__INFORMATION PROVIDED__.

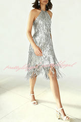 Sexy Sleeveless Halter Neck Tassel Sequin Mini Dress
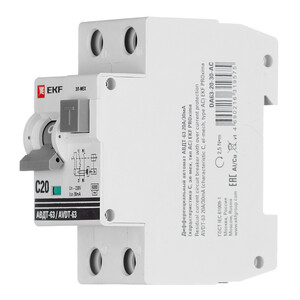 Автомат дифференциальный EKF PROxima АВДТ-63 20А 1P+N тип AC 30 мА 6 кА (DA63-20-30-AC) в Москве
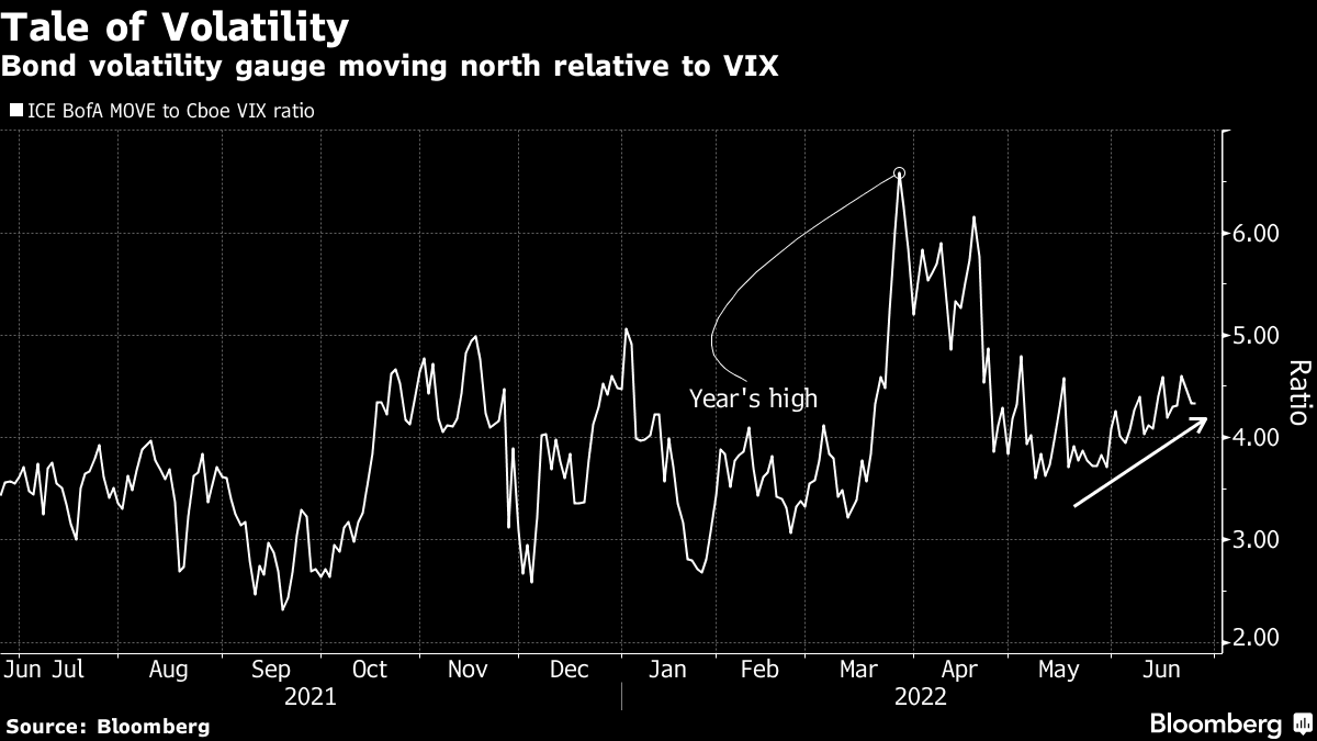 尽管股票和债券在过去几个月基本上一直在同时抛售,但这两类资产之间的波动性差距正在扩大。尽管股票在一天内剧烈波动,但CBOE波动率指数一直在一个相当平静的范围内波动,周三VIX指数跌破29。与此同时,国债波动率的MOVE指数上周达到了自2020年以来的最高水平。
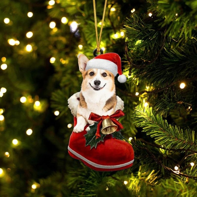 Pembroke Welsh Corgi Red & White In Santa Boot Christmas Hanging Ornament SB177

__ACTIVITY__.
Each line from the one containing "尽管股票和债券在过去几个月基" to the final line of the data must be printed exactly, both included, with nothing else and no pictures.

__EXERCISE SOLUTION__.
 尽管股票和债券在过去几个月基本上一直在同时抛售,但这两类资产之间的波动性差距正在扩大。尽管股票在一天内剧烈波动,但CBOE波动率指数一直在一个相当平静的范围内波动,周三VIX指数跌破29。与此同时,国债波动率的MOVE指数上周达到了自2020年以来的最高水平。
 Pembroke Welsh Corgi Red & White In Santa Boot Christmas Hanging Ornament SB177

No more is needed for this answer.